A disciplina e a obstinação de um historiador-monasta somadas à sua erudição e conhecimentos das línguas européias foram outros atributos recordados por Clado Ribeiro de Lessa, ajudando na canonização intelectual de Varnhagen. A sua formação poliglota permitia-lhe consultar com vantagem os livros dos viajantes e cronistas estrangeiros que se ocuparam do Novo Continente em geral, e do Brasil em particular.188

De acordo com Rebeca Gontijo, a erudição tem sido uma das características mais identificadas na qualificação de um intelectual. A adjetivação erudito se manifestaria, em especial, no caso das personalidades como Varnhagen, Capistrano de Abreu e Oliveira Lima que se dedicaram ao estudo histórico.
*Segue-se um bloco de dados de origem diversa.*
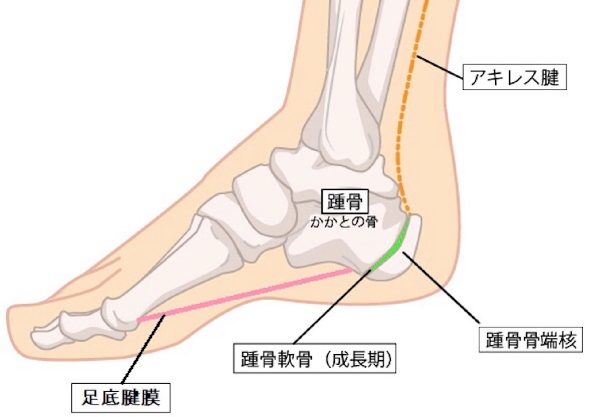 かかとの骨である「踵骨」は、成長の過程で一つのしっかりとした骨になっていきますが、成長期までは「踵骨骨端核(しょうこつこったんかく)」「成長軟骨」に分かれており、構造上非常に脆い状態にあります。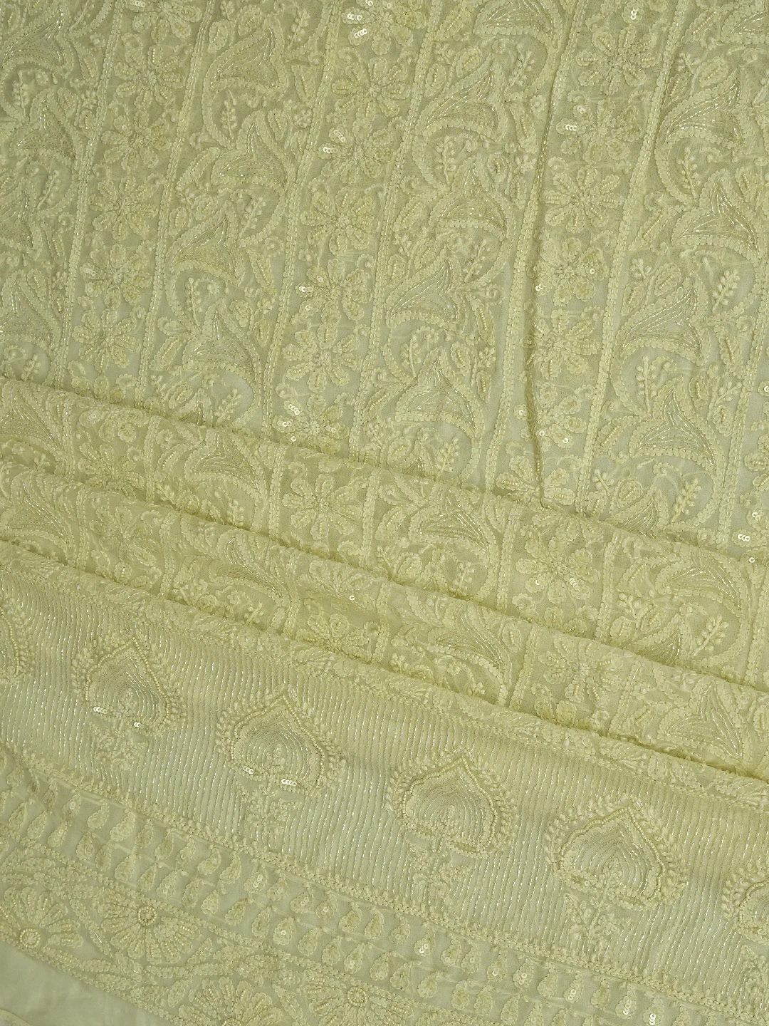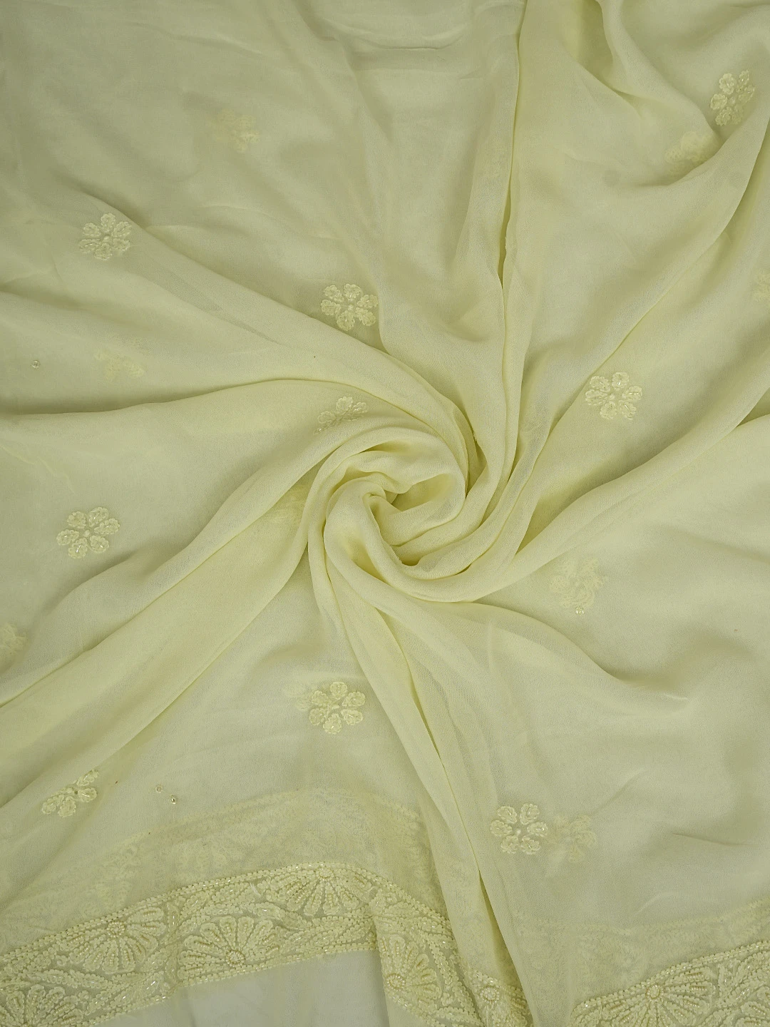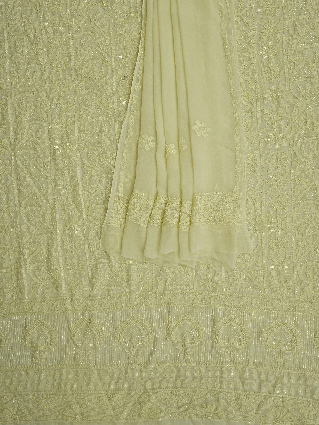 Ada Hand Embroidered Light Lemon Viscose Georgette Lucknowi Chikankari Unstitched Kurta Dupatta Set With Cutdana Work 01A792850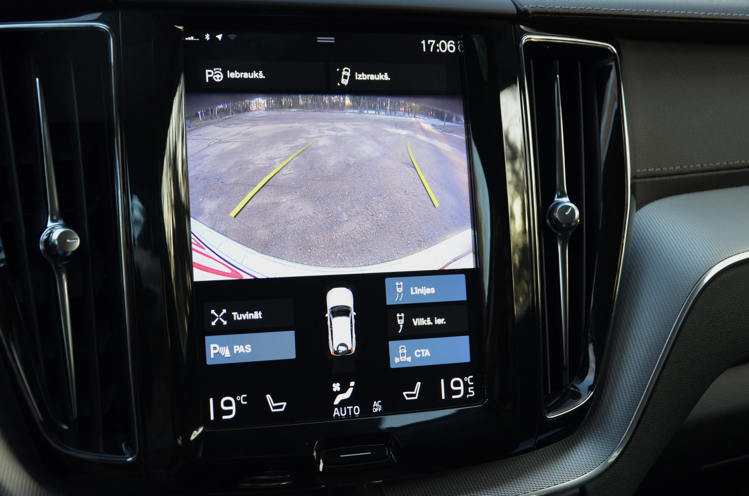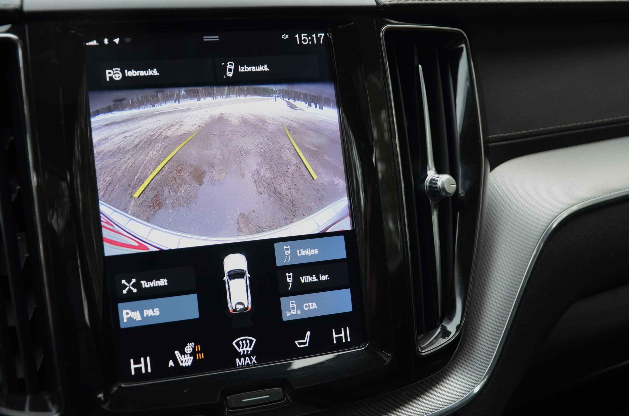 Parkošanās sensori priekšā un aizmugurē ar attēlu ekrānā.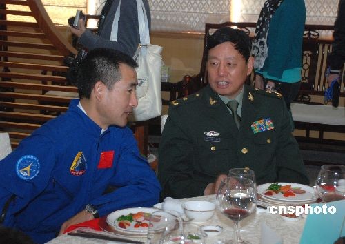 圖為駐澳門(mén)部隊(duì)司令員王玉仁在歡迎午宴上與航天英雄翟志剛交談。中新社發(fā) 畢永光 攝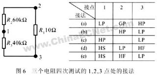 在這種情況下可以采用一種變形的開爾文連接方式來(lái)進(jìn)行測(cè)試,不再使用隔離方法。它仍采用四根線,但根據(jù)需要將其中一對(duì)或兩對(duì)F,S線分開接在不同的點(diǎn)上來(lái)進(jìn)行測(cè)試。這種方式稱為分離開爾文連接方式。本例中三個(gè)電阻要進(jìn)行四次測(cè)試才能計(jì)算出它們的阻值,四次測(cè)試的接法分別見圖6中的表,圖中1,2,3點(diǎn)為連接點(diǎn)。圖6-(b) 接法可直接測(cè)出R1的值;圖6-(c)可測(cè)出 R2與R3的并聯(lián)值R p;圖6-(d)和圖6-(e)分別測(cè)出阻值R2 ′和R3′。分析可知: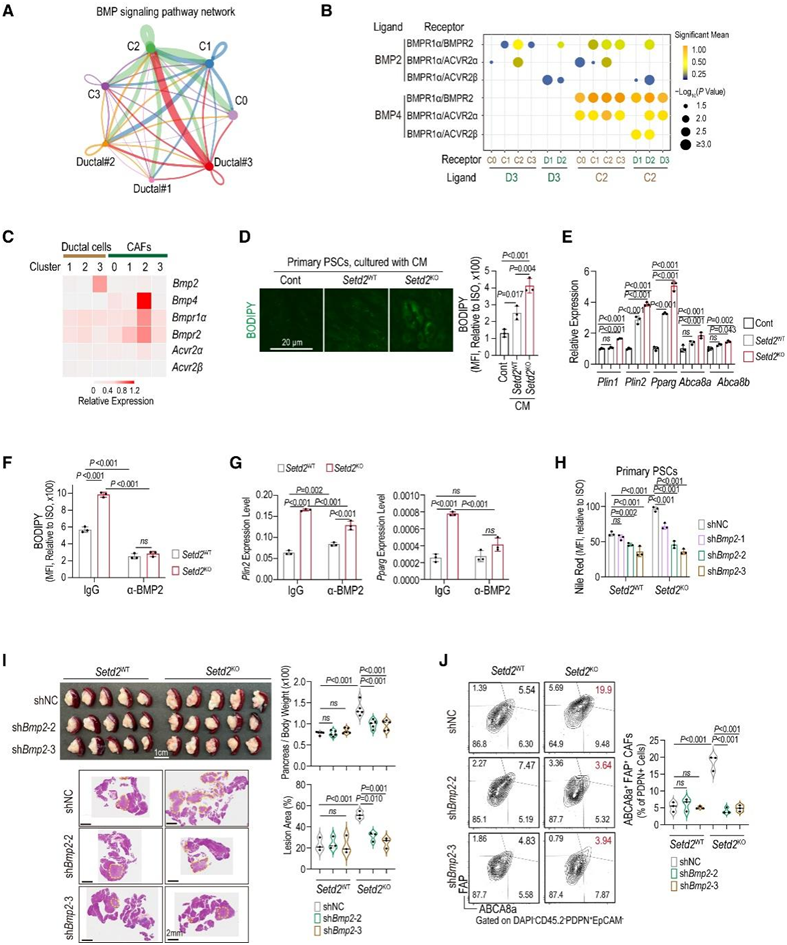 (A) 通过 CellChart 定量推断成纤维细胞和导管细胞之间 BMP 信号网络的相互作用。(B) 使用 CellphoneDB 绘制导管细胞和成纤维细胞之间显著受体-配体相互作用的点图。(C) 点图显示 scRNA-seq 中导管和 CAF 亚群中所示基因的相对表达水平。(D) 用Setd2 WT和Setd2 KO胰腺肿瘤细胞的条件培养基 (CM) 和对照培养基培养的 PSC 中 BODIPY 493/503 水平的代表性图像和统计分析。(E) 对 (D) 的 PSC 中指定基因进行 qPCR 测定。(F) PSC 中的 BODIPY 493/503 水平。(G) 对 (F) 的 PSC 中指定基因进行 qPCR 测定。(H) 具有来自Setd2 WT和Setd2 KO胰腺肿瘤细胞(w/或 w/o Bmp2敲低)的 CM 的 PSC 中的尼罗红水平。(I)胰腺重量、H&E 染色和病变面积百分比。(J) 来自指定胰腺肿瘤的 ABCA8a + FAP + CAF的细胞比例的代表性图和统计分析。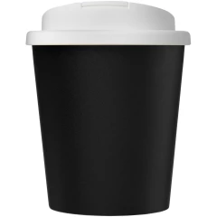Dwuwarstwowy, izolowany kubek ze szczelną zakręcaną pokrywą odporną na zalanie. Pokrywa zamykana jest na zatrzask, aby lepiej zapobiegać rozlaniom i wykonana została bez użycia silikonu, dzięki czemu kubek w pełni nadaje się do recyklingu. Kubek wykonany jest w 100% z polipropylenu z recyklingu, a pokrywka z polipropylenu klasy spożywczej. Odcienie czerni lub bieli mogą się różnić. W przypadku opcji białej występuje efekt tekstury kolorystycznej, co wynika z natury materiału pochodzącego z recyklingu. Zgodny z EN12875-1; nadaje się do mycia w zmywarce oraz podgrzewania w kuchence mikrofalowej. Pojemność 250 ml. Dostarczany w torbie, którą można kompostować w domu. Wyprodukowano w Wielkiej Brytanii. Produkt wolny od BPA. Można myć w zmywarce.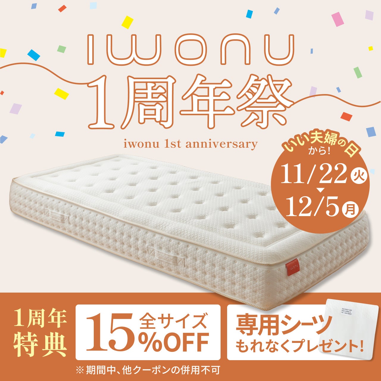 一人一人の寝心地にカスタマイズできる『IWONU マットレス(イウォーヌ マットレス)』を販売する北沢株式会社(本社:大阪府大阪市、代表取締役:北沢進志)は、11月22日(火)12:00より「IWONU 1周年祭」を開催いたします。『IWONU マットレス』全5サイズについて、期間中15%OFFでご提供&もれなく専用ボックスシーツをプレゼント!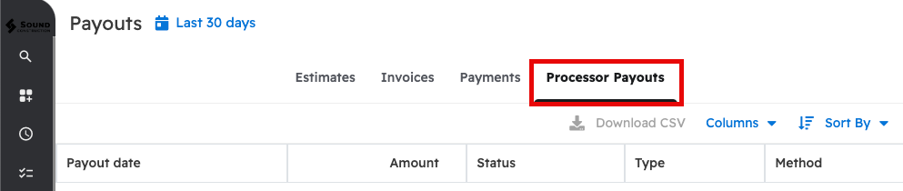 To navigate to the payouts page, select the "Processor Payouts" option at the top of the page.

Isso acontecia porque a história da disciplina história têm identificado sua origem na dupla tradição filosófica e erudita.189

Esta tradição erudita, segundo a autora, remontava à época do Renascimento e estava associada à figura do antiquário, definido como um estudioso das coisas antigas, que domina línguas mortas, conhecimentos esotéricos, detalhes minuciosos sobre costumes, instituições, artefatos etc.190

Nessa figura gêmea do historiador, especificamente a partir do século XVIII, estaria associada também uma mudança no método histórico. A partir do antiquário, segundo Temístocles Américo Cezar,

foram fixadas normas e colocados certos problemas metodológicos fundamentais, entre os quais as questões do documentos ( a distinção entre fontes primárias e secundárias, e a utilidade de testemunhos não escritos, por exemplo), dos modelos narrativos da história (neste caso da história antiga) ou ainda problemas teóricos como a distinção entre a organização dos fatos.191

187 A construção da imagem de Varnhagen como herói intelectual passa por uma espécie de discurso biográfico permeado por uma hagiografia (escritos sobre a vida de santos) muito recorrente em outras biografias de intelectuais e políticos brasileiros como, por exemplo, Joaquim Nabuco. Conferir: Celia Maria Marinho de Azevedo, Quem precisa de São Nabuco?, Estudos Afro-Asiáticos, Rio de Janeiro, ano 23, n. 01, 2001, p. 87-97.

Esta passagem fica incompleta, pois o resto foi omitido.